[Data extracted from a collection]
--

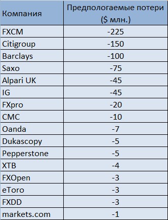 События «Черного четверга», как его окрестили эксперты и журналисты, заслуживают отдельного и подробного анализа, который мы впоследствии проведем в ходе одного из наших следующих вебинаров. А пока вашему вниманию мы хотели бы предоставить собранную нами информацию, которая отражает потери некоторых известных компаний после событий 15 января:
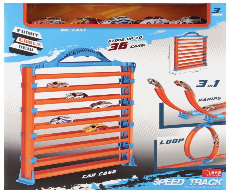 Zawartość zestawu: tor/garaż do samodzielnego montażu, 5x samochody.
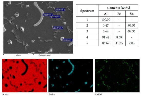 Characteristic SEM images with EDS analysis for the Al-9Sn-1Fe (wt.%) alloy.
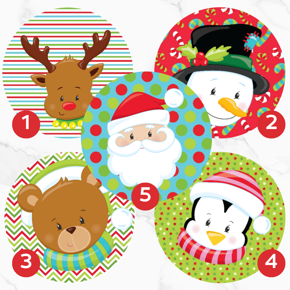 Image Comestible - Visages de Noël (Renne, Bonhomme de neige, Ours, Pingouin & Père Noël)
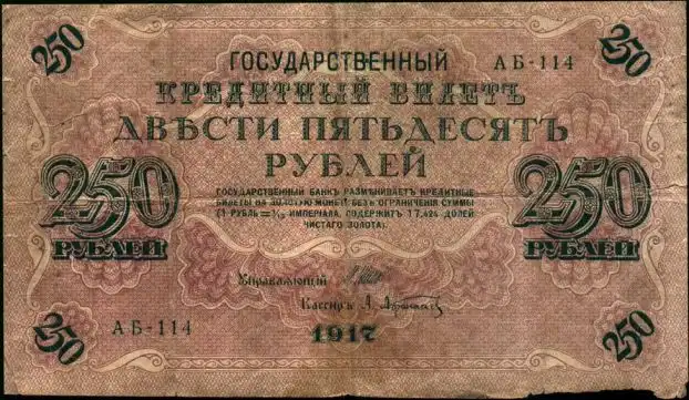 250 рублей, 1917 год, реальный размер 175*104 мм.
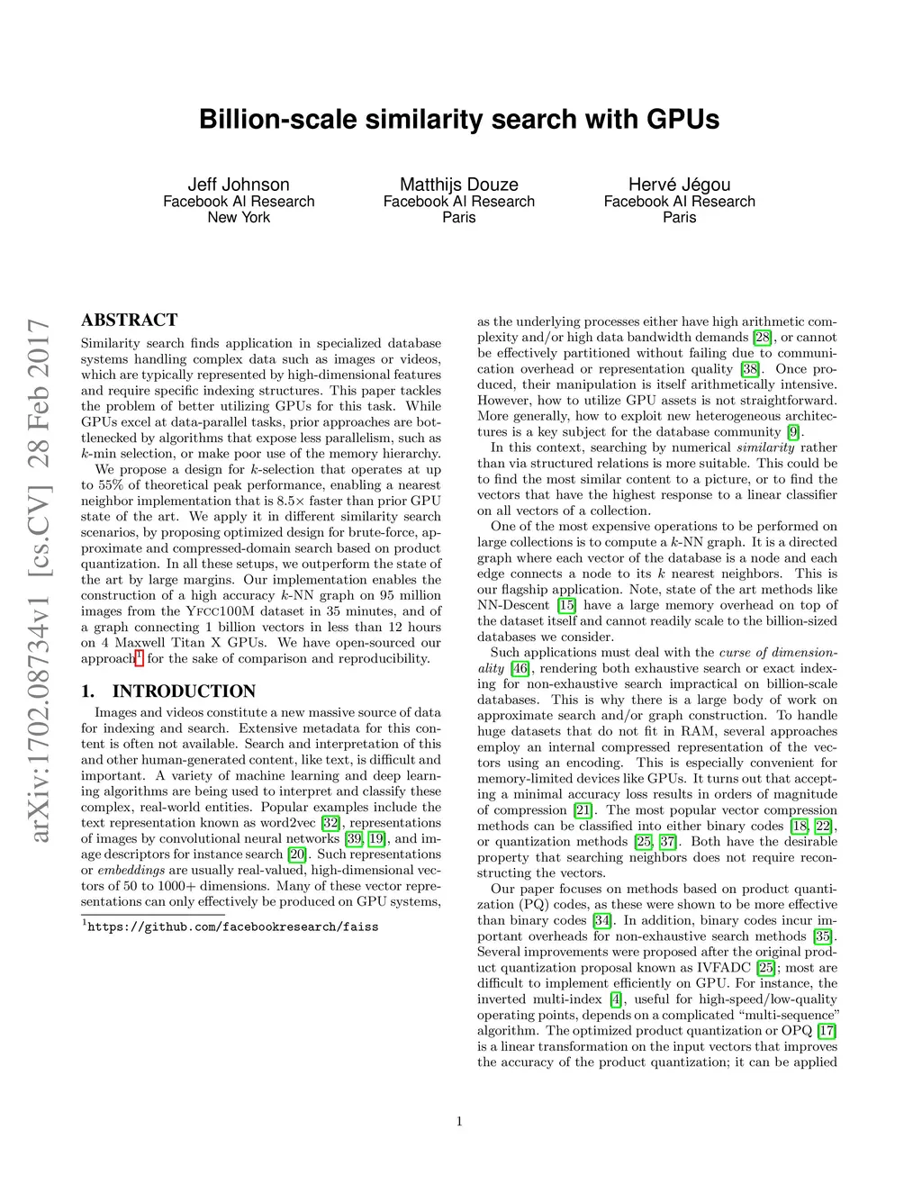 Similarity search finds application in specialized database systems handling complex data such as images or videos, which are typically represented by high-dimensional features and require specific indexing structures. This paper tackles the problem of better utilizing GPUs for this task. While GPUs excel at data-parallel tasks, prior approaches are bottlenecked by algorithms that expose less parallelism, such as k-min selection, or make poor use of the memory hierarchy. We propose a design for k-selection that operates at up to 55% of theoretical peak performance, enabling a nearest neighbor implementation that is 8.5x faster than prior GPU state of the art. We apply it in different similarity search scenarios, by proposing optimized design for brute-force, approximate and compressed-domain search based on product quantization. In all these setups, we outperform the state of the art by large margins. Our implementation enables the construction of a high accuracy k-NN graph on 95 million images from the Yfcc100M dataset in 35 minutes, and of a graph connecting 1 billion vectors in less than 12 hours on 4 Maxwell Titan X GPUs. We have open-sourced our approach for the sake of comparison and reproducibility.

--

_ACTIVITY_
Write the records out once more, exactly as they appear, with no pictures.

_WRITTEN REPLY_
 События «Черного четверга», как его окрестили эксперты и журналисты, заслуживают отдельного и подробного анализа, который мы впоследствии проведем в ходе одного из наших следующих вебинаров. А пока вашему вниманию мы хотели бы предоставить собранную нами информацию, которая отражает потери некоторых известных компаний после событий 15 января:
 Zawartość zestawu: tor/garaż do samodzielnego montażu, 5x samochody.
 Characteristic SEM images with EDS analysis for the Al-9Sn-1Fe (wt.%) alloy.
 Image Comestible - Visages de Noël (Renne, Bonhomme de neige, Ours, Pingouin & Père Noël)
 250 рублей, 1917 год, реальный размер 175*104 мм.
 Similarity search finds application in specialized database systems handling complex data such as images or videos, which are typically represented by high-dimensional features and require specific indexing structures. This paper tackles the problem of better utilizing GPUs for this task. While GPUs excel at data-parallel tasks, prior approaches are bottlenecked by algorithms that expose less parallelism, such as k-min selection, or make poor use of the memory hierarchy. We propose a design for k-selection that operates at up to 55% of theoretical peak performance, enabling a nearest neighbor implementation that is 8.5x faster than prior GPU state of the art. We apply it in different similarity search scenarios, by proposing optimized design for brute-force, approximate and compressed-domain search based on product quantization. In all these setups, we outperform the state of the art by large margins. Our implementation enables the construction of a high accuracy k-NN graph on 95 million images from the Yfcc100M dataset in 35 minutes, and of a graph connecting 1 billion vectors in less than 12 hours on 4 Maxwell Titan X GPUs. We have open-sourced our approach for the sake of comparison and reproducibility.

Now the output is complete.